Friedrich Nietzsche melihat ini dan hatinya miris. Ia bukan orang yang benci agama. Justru karena peduli, ia berani mengatakan hal yang tidak berani dikatakan oleh para pendeta sekalipun. Para pendeta mungkin akan berkata dengan lembut, “Ayo perkuat imanmu.”

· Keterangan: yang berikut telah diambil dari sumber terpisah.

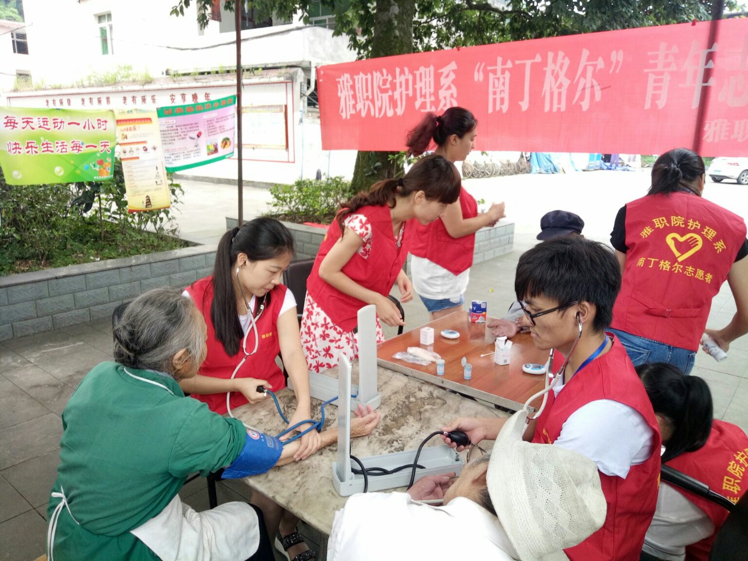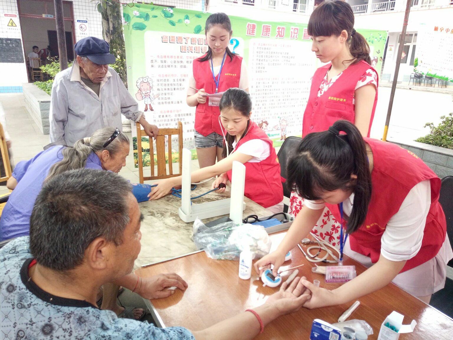 参加此次活动的有党员教师闵捷、邓雯、郭建梅以及部分员工代表。一大早,大家就采购好了新鲜的水果和蔬菜,直奔养老院。在养老院院坝里,党员教师和员工们与近20位老人围坐在一起,一对一地为老年人测血压、测血糖、做健康宣教、聊家常,员工代表为老年人还精心准备了歌唱节目和舞蹈节目。老人们边吃西瓜边看节目,脸上都洋溢着幸福的笑容。高亢的歌声在养老院的上空久久回荡,似乎诉说着党的恩情!最后教师和员工们一起亲手包饺子,为老人送上爱心午餐。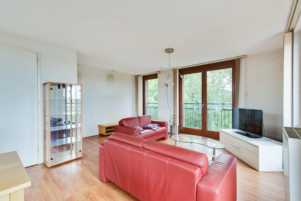 In de woonkamer ervaart u een fantastisch uitzicht die door de grote en vele raampartijen volledig tot zijn recht komt. Verreweg het mooiste plekje van het appartement om te vertoeven en heerlijk te ontspannen.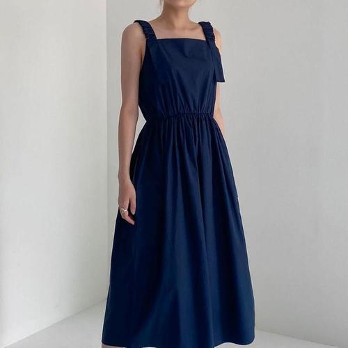[다잇템]여자 리본보우 슬리브리스 에이라인 롱원피스 (10325725A)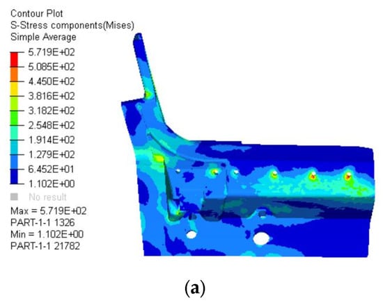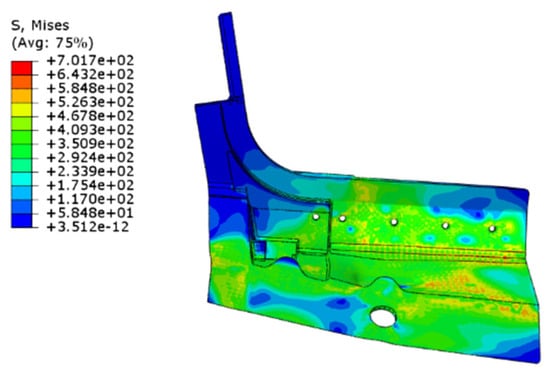 In the absence of disturbance, when the load in the load-bearing area of the load-bearing assembly reaches the critical load of nonlinear buckling, the displacement and deformation in the load-bearing area is 21.4 mm, and the corresponding stress situation is shown in Figure 14. The stress range on the load-bearing surface is 292.4~467.8 Mpa, which is less than the yield strength of the material; the stress in some areas reaches 701.7 Mpa, which exceeds the tensile strength of the material. At this time, the structure gradually loses stability. Since then, under the continuous load, the bearing capacity of the bearing area has decreased significantly, and the structure has entered the unstable state, which shows that it is necessary to consider the nonlinear buckling analysis.
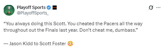 由于当时福斯特不允许基德挑战克里斯蒂的干扰球,基德极其不满,他对福斯特喊道:“斯科特,你总是来这一套。去年总决赛你就全程偏袒,坑了步行者队。别在我这儿耍阴招,蠢货。”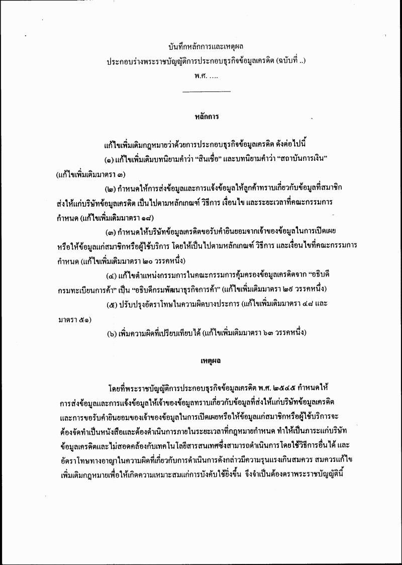 ร่างพระราชบัญญัติการประกอบธุรกิจข้อมูลเครดิต (ฉบับที่ ..) พ.ศ. .... |

Tapi Nietzsche tahu bahwa kata-kata lembut sudah tidak mempan. Maka ia berteriak, “Tuhan sudah mati!” Bukan karena ia senang, tapi karena ia ingin orang-orang tersentak, terbangun, dan bertanya kepada diri mereka sendiri, “Apakah aku masih benar-benar beriman, atau aku hanya sedang menjalankan rutinitas kosong?”

Pada akhirnya, yang ingin disampaikan oleh Friedrich Nietzsche adalah sebuah tanggung jawab besar kepada setiap manusia. Karena jika Tuhan sudah mati dalam kepercayaan mereka, maka tidak ada lagi yang bisa diandalkan kecuali diri mereka sendiri. Mereka tidak bisa lagi berlindung di balik kata “itu sudah tradisi” atau “semua orang juga begitu”. Mereka harus berani jujur kepada diri sendiri: apakah mereka masih punya iman yang hidup, atau selama ini hanya pura-pura?

Jika masih punya iman, maka hidupkanlah iman itu sehingga setiap kebaikan yang dilakukan kembali bermakna. Jika iman itu sudah benar-benar mati, maka jangan pura-pura hidup seperti dulu, karena itu hanya akan membuat hidup menjadi lebih hampa. Lebih baik jujur mengakui bahwa iman sudah mati, lalu dengan keberanian membangun nilai sendiri dari nol, daripada terus hidup dalam kepalsuan yang perlahan-lahan membunuh jiwa.